Lookup tables can also be used to approximate many-to-one functions (e.g. f(x, y, z)
), however this requires a “multi-dimensional” lookup table which will generally be more complicated to implement.
Approximating sin(x)
As a motivating example, let’s say that we have a program that uses sin(x)
in a lot of places, and we want to try to optimize the program by reducing the amount of compute needed to calculate sin(x)
. The first thing we need to is determine how accurate our computation needs to be… For the purpose of this example, I’ll say arbitrarily that the computation needs to be accurate to within an absolute error of 2 * 10^-5. Next we need to choose a range on which to approximate the function. Since sin(x)
is periodic, we only need to approximate the function in the range [-π, π].
If we implement a “basic” lookup table (i.e. no interpolation), we need a rather large lookup table to achieve this accuracy: 320,000 elements. With linear interpolation, we can get away with a smaller 500 element table.
Let’s also compare our lookup tables with another approximation that does not use a lookup table. Colin from mooooo.ooo has a fantastic blog post describing the derivation of a polynomial approximation for sin(x)
, using Chebyshev polynomials. I derived an approximation using his method, and found that the required accuracy could be achieved with a 7th-order polynomial.
We can plot the absolute error of each approximation (relative to std::sin(x)
). It turns out thethat polynomial approximation is actually slightly more accurate than the lookup table approximators.
Scalar Performance
Now let’s see how fast these implementations perform! As a test, I timed how long it took for a simple test program to compute sin(x)
for 10,000,000 numbers.

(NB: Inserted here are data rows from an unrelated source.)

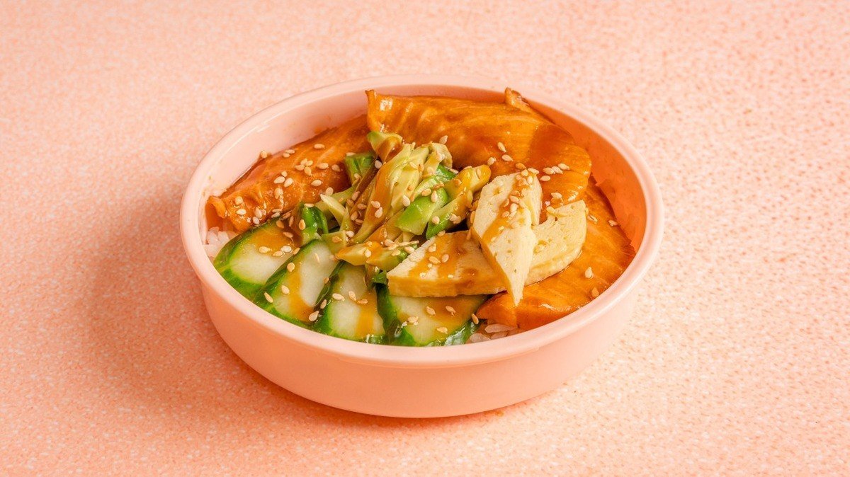 קערת אורז עם מלפפון, אבוקדו, טמאגו ודג סלמון מבושל
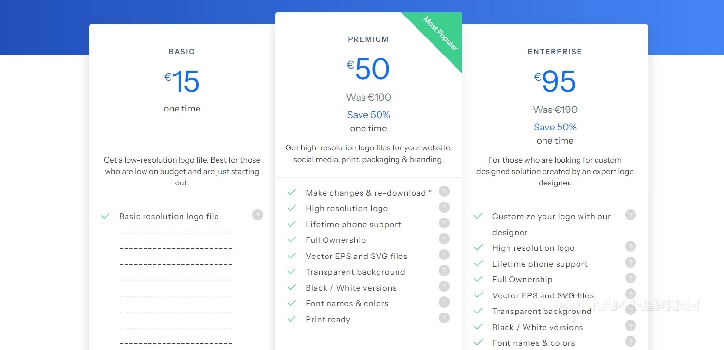 - Premium. Дает возможность настроить логотипы с высоким разрешением самостоятельно. Стоимость подписки — €50 в месяц.
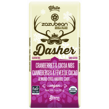 This soy free white chocolate is made with cocoa nibs and cranberries.

I did one run where the input values increase linearly like a “ramp”, as might be the case if using sin(x)
to generate an oscillator, and a second run where the input was drawn from a random number generator. I ran the same program for 4 implementations of sin(x)

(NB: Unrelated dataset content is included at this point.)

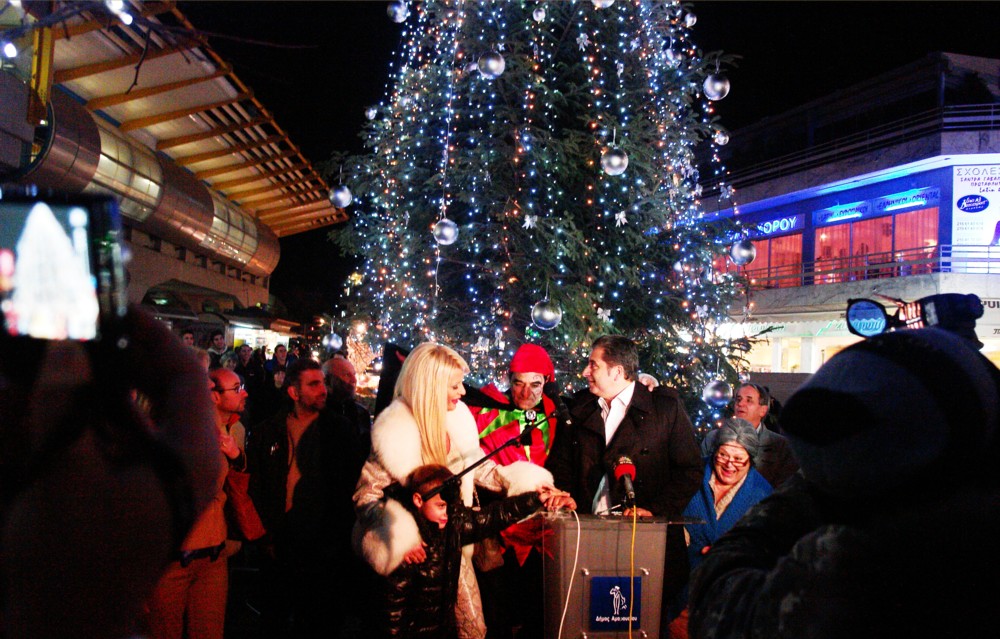 Μέσα σε ζεστή και χαρούμενη Χριστουγεννιάτικη ατμόσφαιρα, με το Γιώργο Τσαλίκη να ανεβάζει με τα τραγούδια του το κέφι και την εορταστική διάθεση, η Δημοτική Αρχή του Δήμου Αμαρουσίου και πλήθος παρευρισκόμενων μικρών και μεγάλων άνοιξαν την αυλαία των εορταστικών εκδηλώσεων της πιο χαρούμενης εποχής του χρόνου στην πόλη του Αμαρουσίου.
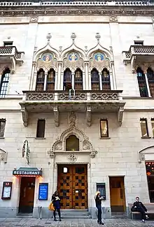 The facade overlooking the street is finished in Portland limestone with intricate details, including wall openings, a crowning balustrade, clover-leafed windows and mosaics. The architecture is inspired by Italian and Spanish trends from the 16th century. The interior includes the entrance hall, a staircase and the richly stuccoed exhibition hall. The building houses a collection of fine art. The entire building is decorated by the works of celebrated artists and craftsmen.[2] The small reliefs on the front doors were created by the painter, Gustaf Theodor Wallén.

: the standard library implementation, along with the polynomial approximation and both lookup tables described above.
Here were the timing results on my desktop computer (AMD Ryzen 7):
RAMP:
std: 18.92 seconds
math_approx-7: 5.157 seconds (3.67x)
LUT-320k: 9.596 seconds (1.97x)
LUT_lin-500: 16.95 seconds (1.12x)
RANDOM:
std: 44.74 seconds
math_approx-7: 4.439 seconds (10.1x)
LUT-320k: 8.917 seconds (5.02x)
LUT_lin-500: 16.22 seconds (2.76x)
Clearly the polynomial approximation is the fastest! For both types of input, the polynomial approximation is ~2x faster than the basic lookup table, and almost 4x faster than the linear interpolating lookup table.
I also ran the timing comparisons on my M1 MacBook; those results can be found at the bottom of this article. While some of the differences are less drastic in that comparison, the general ordering remains the same.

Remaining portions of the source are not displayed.